Many colleges and medical schools are incorporating boot camps and transition programs for students prior to entering freshman year. Over a dozen medical schools currently have bridge or prematriculation programs, which can be anywhere from a week to 2 months long. In these programs, study strategies are highly emphasized along with early introductions to faculty and teaching modalities.1 For example, students may be exposed to an anatomy lecture and lab so that they are able to practice how to review and prepare for high-yield information.
The goal of these programs is to better prepare students for the experience of medical education, with the understanding that most bridge programs target underserved and diverse student populations. The University of Nevada School of Medicine (UNSOM) has implemented a bridge program designed to prepare incoming medical students, identified by the Admissions Executive Committee, for the academically rigorous learning environment of medical school. All programs utilize an application process; UNSOM has adapted a holistic review approach to admissions to ensure the academic success of a more diverse student body in medical education.

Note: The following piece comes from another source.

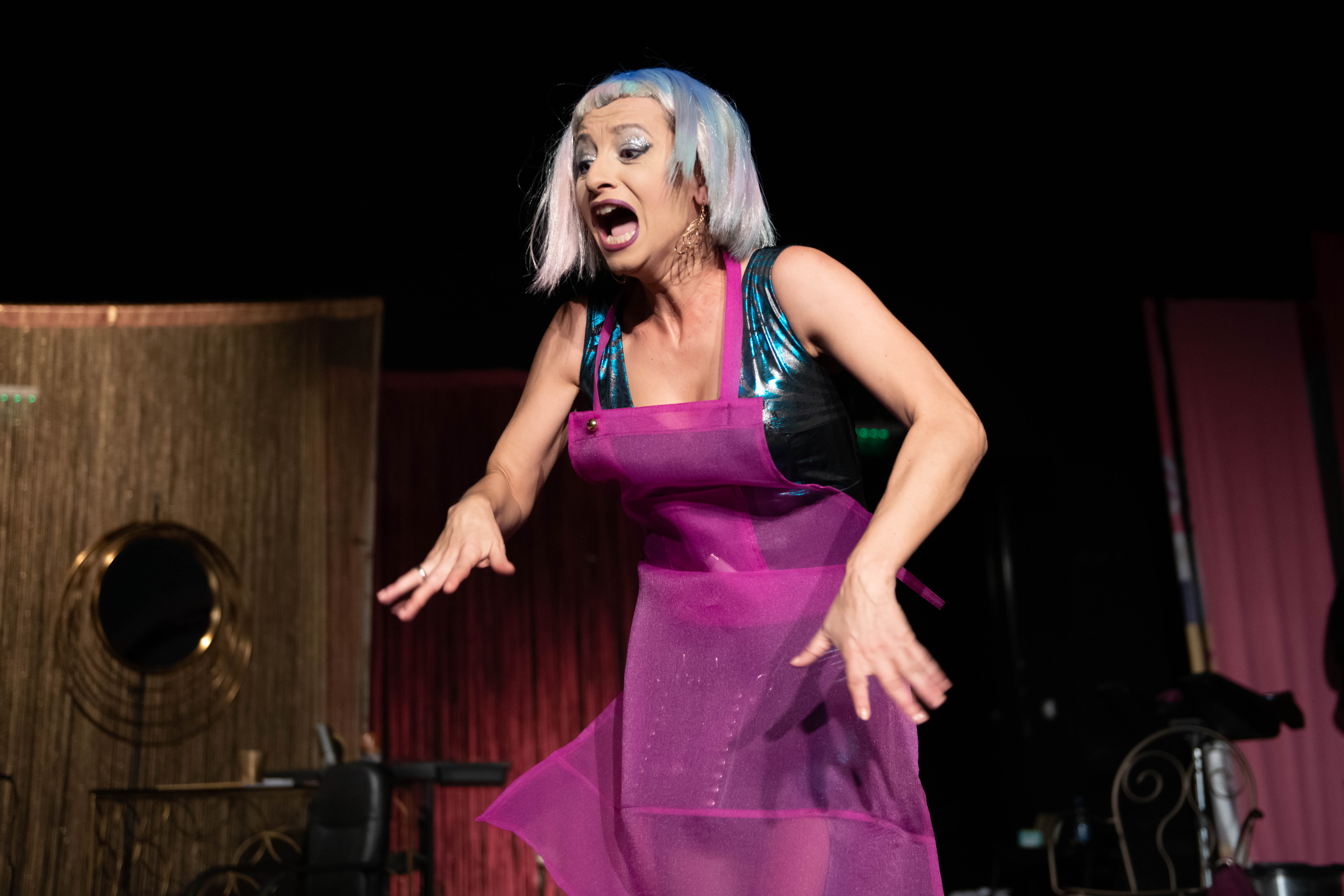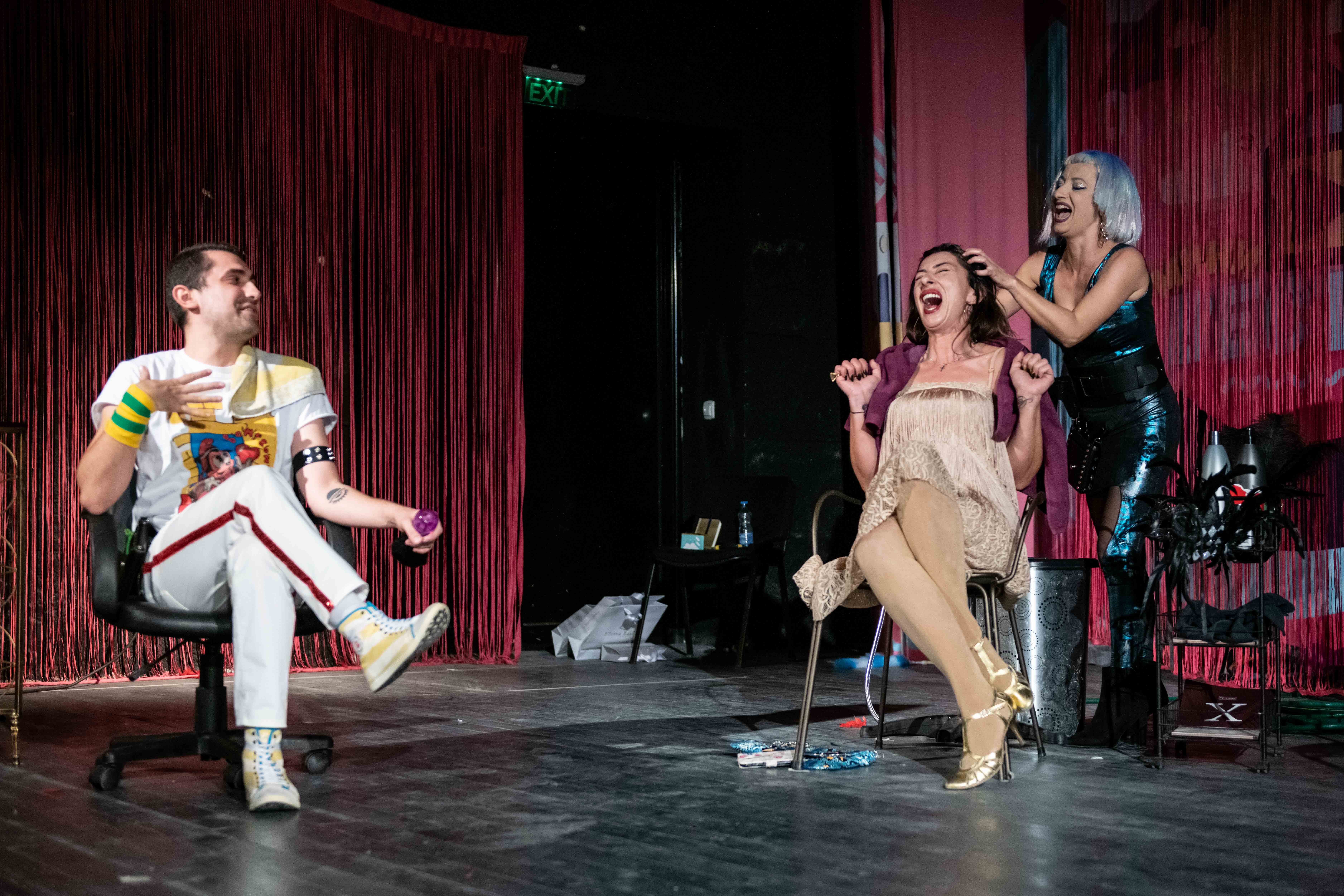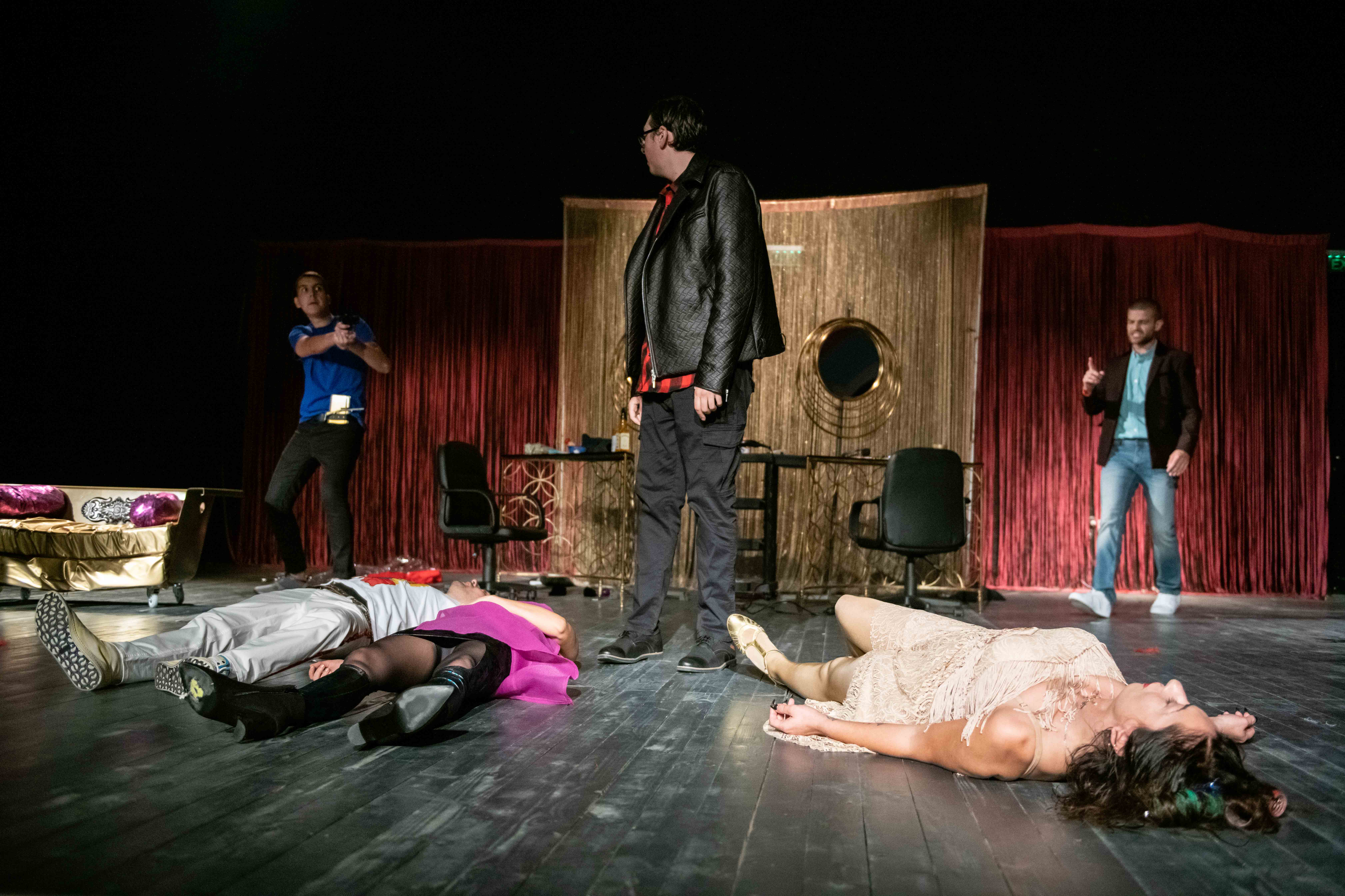 Дејствието на претставата се случува во фризерскиот салон на Гоги Камчев, во кој навидум започнува еден обичен ден.... Се водат „обичните“ муабети, специфични за во фризерските салони, се до моментот кога фризерката Диди ќе влета шокирана и извести дека познатата пијанистка, а воедно и газдарица на салонот Лена Вагнер, е мртва. Полицијата настапува на сцена! Присутните во салонот се единствените осомничени за скандалозното убиство, извршено со ФРИЗЕРСКА НОЖИЦА. Публиката има за задача да помогне во разоткривањето на убиството и го пронајде убиецот.

UNSOM faculty partnered with the Khan Academy to identify content areas and create digital learning resources for use by these students before entering the bridge program. The utilization of precourse material is new to bridge programs in medical education, as faculty have indicated that there are some topics they would like students to have a better understanding of before they enter the classroom. Moreover, some students may not have been exposed to or fully grasped more complex science concepts in their undergraduate education, which can hinder their learning.2
This resource provides a realistic case scenario that introduces students to the basic case format while guiding them through the thought process needed to work through a case. Additionally, it provides students with small-group skills that will be beneficial when working through cases in the first and second years of medical school. The case features Mary Beth Chrispy, a 25-year-old second-year medical student who visits her primary care physician due to trouble focusing on her studies and complaints of fatigue. Presenting questions throughout the case help guide the students in making necessary connections and allow the facilitator to direct the students through each section of the case.
MedEdPORTAL has published numerous cases covering clinical skills for residents, case-based learning for specific topics, and objective structured clinical examination training for third-year medical students. However, there are currently no cases on MedEdPORTAL designed for incoming students before they start medical school. This case is unique in that it was designed specifically to help such students become familiar with what they are about to see.

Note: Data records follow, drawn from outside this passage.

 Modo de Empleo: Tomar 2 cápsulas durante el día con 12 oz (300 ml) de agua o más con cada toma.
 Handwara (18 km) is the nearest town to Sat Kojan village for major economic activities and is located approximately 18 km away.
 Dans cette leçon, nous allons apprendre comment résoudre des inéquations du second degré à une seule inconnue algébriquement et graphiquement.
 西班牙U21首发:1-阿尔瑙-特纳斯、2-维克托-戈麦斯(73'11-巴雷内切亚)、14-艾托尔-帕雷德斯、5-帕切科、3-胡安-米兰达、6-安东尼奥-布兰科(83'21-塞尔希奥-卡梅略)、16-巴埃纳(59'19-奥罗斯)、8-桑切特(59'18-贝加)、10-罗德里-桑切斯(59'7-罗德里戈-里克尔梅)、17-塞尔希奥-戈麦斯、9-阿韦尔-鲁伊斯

Based on Dr. John Pelley’s theory on expert skills learning through deliberate practice,3 we designed this resource to help grow each student’s mind-set through active learning, rather than passive learning. Deliberate practice, designed specifically to improve performance academically and clinically, is defined as a practice requiring self-awareness and self-acceptance to correct weaknesses and limitations. Within the UNSOM bridge program, teachers provide feedback and support, which are required in deliberate practice techniques. Additionally, the introduction of small-group study skills encourages students to avoid automated behavior, such as loss of focus while reading.
This case is presented in a progressive disclosure format over the course of a week. Included in the materials for this case are two guides, a student guide (Appendix A) and a facilitator guide (Appendix B). Each guide includes the whole case, broken up into 2 separate days. Our recommendation is to hold two separate group sessions with a facilitator, one session for each day, followed by a wrap-up session on a third day.

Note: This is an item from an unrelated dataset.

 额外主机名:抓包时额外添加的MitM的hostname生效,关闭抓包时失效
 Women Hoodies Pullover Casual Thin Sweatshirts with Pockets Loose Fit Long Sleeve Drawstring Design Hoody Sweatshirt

Students are not required to complete any prestudying or prereadings before starting the case. The case presentation is done the first morning of the bridge program so there is no preparation needed by the students; there are no assignments for students after the case since this is meant to be an immersion program. The UNSOM curriculum utilizes the case-of-the-week format, and exposing students to this early can be beneficial. Since the week is voluntary, we do not give them direct assignments.
The facilitator of the group has the facilitator guide containing questions in red to help direct the discussion for each day of the case. These questions are not included in the student copies. The facilitator should have one copy of the student guide per learner and pass out each page of the guide as the group works through the case. Therefore, we recommend not giving the students the whole guide at once, since the progressive disclosure format allows the group to systematically work toward a diagnosis. At the end of each day, there are questions that the students are to answer as a group. These questions are also displayed in red in the facilitator guide but are included in the student guide so that they can be answered.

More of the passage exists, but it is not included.